-
Notifications
You must be signed in to change notification settings - Fork 1
Description
ADR: Use SHA-256 as the Canonical Content Identifier for Files
Status: Discussion
Date: 2026-01-21
Deciders: Platform Architecture / Data Integrity
Context: Git-LFS / content-addressed object storage
Context
The system requires a stable, content-addressed identifier for large binary objects.
This identifier must:
- Uniquely identify file content (by bytes, not by name or location)
- Be deterministic and reproducible across clients
- Be safe at planetary scale (billions–trillions of objects)
- Be compatible with existing Git and Git-LFS ecosystems
- Be computationally feasible for clients and servers
In practice, the system uses SHA-256 digests as object identifiers (OIDs), consistent with Git LFS pointer files and modern Git object formats.
Decision
We will use SHA-256 as the canonical identifier for file content.
The SHA-256 digest of a file’s bytes is treated as the file’s identity for:
- De-duplication
- Upload/download addressing
- Integrity verification
- Cross-system reference (e.g., object stores, registries, DRS IDs)
Rationale
1. What “unique” means in practice
No finite hash function can mathematically guarantee uniqueness for all possible files.
However, in engineering systems, “unique identifier” means:
The probability of two different files producing the same identifier is so small that it is irrelevant compared to other real-world failure modes.
SHA-256 satisfies this requirement.
2. Collision probability is astronomically small
SHA-256 produces a 256-bit digest, yielding (2^{256}) possible values.

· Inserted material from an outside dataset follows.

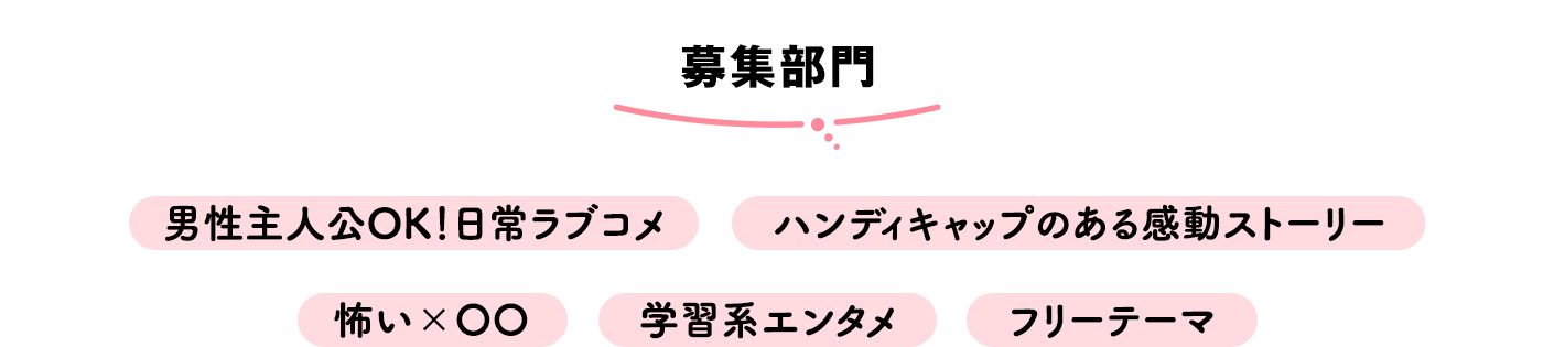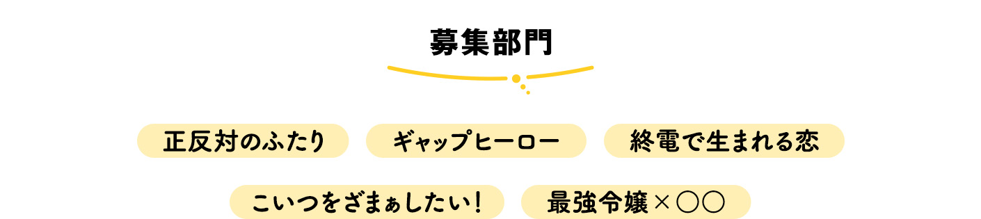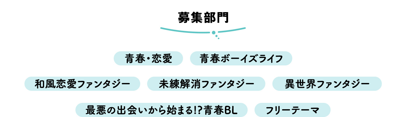 男子二人の絆を描いた青春ボーイズライフを募集します。平凡な日常、退屈な毎日を送る主人公が、自分とは正反対な誰かと出会い、世界が彩られていく物語。そしてただずっと楽しいだけではなく、二人の関係性を妨げる非日常的な要素があり、だからこそ、恋愛ではなく二人の絆の強さが感じられる作品を歓迎します。楽しくて、でも感動、そして涙できるようなエンタメ色の強い青春ボーイズライフ作品をお待ちしています。
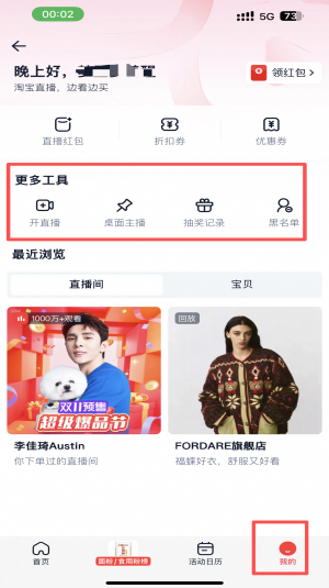 4、使用更多工具:在“我的”页面点击“更多工具”,使用开直播、桌面主播等功能。

Using the birthday bound, the probability of any accidental collision among (n) files is approximately:
[
p \approx \frac{n^2}{2^{257}}
]
Even at extreme scale:
- (n = 10^{12}) (one trillion files)
- (p \approx 4 \times 10^{-54})
This probability is many orders of magnitude smaller than risks from:
- Disk corruption
- RAM faults
- Network errors
- Software bugs
- Operator error
3. Intentional collisions are computationally infeasible
SHA-256 is designed to provide:
- Collision resistance: infeasible to find any two distinct inputs with the same hash
- Second-preimage resistance: infeasible to find a different file with the same hash as a known file
A generic collision attack requires approximately (2^{128}) work.
No practical cryptanalytic attacks are known that materially reduce this cost.
4. Alignment with Git and Git-LFS design
-
Git originally used SHA-1 and migrated to SHA-256 specifically due to long-term collision concerns.
-
Git’s SHA-256 transition documentation explicitly states that collision resistance and second-preimage resistance are the required properties for object identity.
-
Git-LFS pointer files encode object identity as:
oid sha256:<hex-digest>
By adopting SHA-256, this system remains fully compatible with Git-LFS tooling, hosting platforms, and ecosystem expectations.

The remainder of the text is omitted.